Jesus was preaching from a boat on the shore of the Sea of Galilee (Mark 4:35). Seeing the great throng of people amassed, he instructed his men to shove off for the other side. Perhaps his human side sought for peace and quiet. Even so, some in boats followed them.
With mountains surrounding the lake it was always possible for fierce squalls to quickly form, and one did, no doubt divinely orchestrated as a teaching moment. Here they were, no land in sight, winds at hurricane force, waves crashing about, water filling the boat, and Jesus slept in the stern on a pillow. They were all going to die, and in the common vernacular, the disciples were “freaking out,” especially those who spent their lives on this lake and had escaped these storms by a hair before. No doubt the intensity of the storm was even worse than they ever encountered.

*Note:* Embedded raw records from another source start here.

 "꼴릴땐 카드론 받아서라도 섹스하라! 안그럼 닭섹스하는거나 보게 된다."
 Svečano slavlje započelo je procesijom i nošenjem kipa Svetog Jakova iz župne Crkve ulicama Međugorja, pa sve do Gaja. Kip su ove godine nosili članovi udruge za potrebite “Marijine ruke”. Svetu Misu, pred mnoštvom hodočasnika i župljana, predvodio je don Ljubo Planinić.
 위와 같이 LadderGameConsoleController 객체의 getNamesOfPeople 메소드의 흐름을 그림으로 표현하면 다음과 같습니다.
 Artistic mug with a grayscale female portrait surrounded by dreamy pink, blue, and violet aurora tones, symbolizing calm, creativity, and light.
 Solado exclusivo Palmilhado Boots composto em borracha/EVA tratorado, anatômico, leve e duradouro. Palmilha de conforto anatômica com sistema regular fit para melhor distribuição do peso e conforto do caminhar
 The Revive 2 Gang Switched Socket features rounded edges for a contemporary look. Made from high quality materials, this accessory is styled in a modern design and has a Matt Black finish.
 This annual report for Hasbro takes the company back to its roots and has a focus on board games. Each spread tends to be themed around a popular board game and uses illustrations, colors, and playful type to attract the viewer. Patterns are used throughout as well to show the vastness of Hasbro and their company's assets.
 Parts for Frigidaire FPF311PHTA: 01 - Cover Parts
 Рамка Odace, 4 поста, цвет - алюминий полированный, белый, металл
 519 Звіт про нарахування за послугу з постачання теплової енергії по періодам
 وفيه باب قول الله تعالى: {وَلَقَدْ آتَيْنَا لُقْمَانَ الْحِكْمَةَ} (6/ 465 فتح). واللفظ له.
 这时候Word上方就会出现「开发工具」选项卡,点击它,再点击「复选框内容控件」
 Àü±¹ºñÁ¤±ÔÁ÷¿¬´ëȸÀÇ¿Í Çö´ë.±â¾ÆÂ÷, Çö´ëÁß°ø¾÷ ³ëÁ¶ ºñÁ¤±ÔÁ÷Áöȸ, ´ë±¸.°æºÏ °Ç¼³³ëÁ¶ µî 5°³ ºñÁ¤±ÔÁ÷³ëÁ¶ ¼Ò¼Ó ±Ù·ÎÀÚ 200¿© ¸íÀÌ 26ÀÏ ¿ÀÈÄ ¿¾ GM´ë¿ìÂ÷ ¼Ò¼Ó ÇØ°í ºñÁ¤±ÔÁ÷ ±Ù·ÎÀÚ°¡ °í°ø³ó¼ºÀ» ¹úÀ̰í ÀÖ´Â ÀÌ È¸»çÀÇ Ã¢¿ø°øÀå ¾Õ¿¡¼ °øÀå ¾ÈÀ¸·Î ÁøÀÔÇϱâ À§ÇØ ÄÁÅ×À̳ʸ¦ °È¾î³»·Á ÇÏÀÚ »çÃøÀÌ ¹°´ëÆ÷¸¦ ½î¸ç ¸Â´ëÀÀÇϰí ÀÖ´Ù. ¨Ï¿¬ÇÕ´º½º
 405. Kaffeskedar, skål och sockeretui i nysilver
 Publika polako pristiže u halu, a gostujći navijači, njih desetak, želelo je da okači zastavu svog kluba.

Not really knowing what Jesus could do about it, they roused him, rashly accusing him of “failing to care.” Well, he did care about them, but needed to teach them that he even had power over “nature.”
But more importantly though, he needed to teach them to carry into the future the faith Shadrach, Meshach and Abednego carried into the fiery furnace (Daniel 3). They said when faced with certain demise, and I paraphrase, “My Lord can save us, but he might not, and we’re good with that too.” We learn from this story, by the way, the same Lord that was asleep in the stern was with these three brave souls in that blazing fire. And here’s an idle thought; the kingdom of God was in their boat!
We might think the disciples did exhibit a modicum of faith by turning to Jesus in such a dire strait, but they did so in frustration not faith. After he snapped his fingers and instantly the winds stopped and the sea became absolutely calm, they had to know they overstepped.
This man was God, and another kind of paralyzing fear immediately came over them.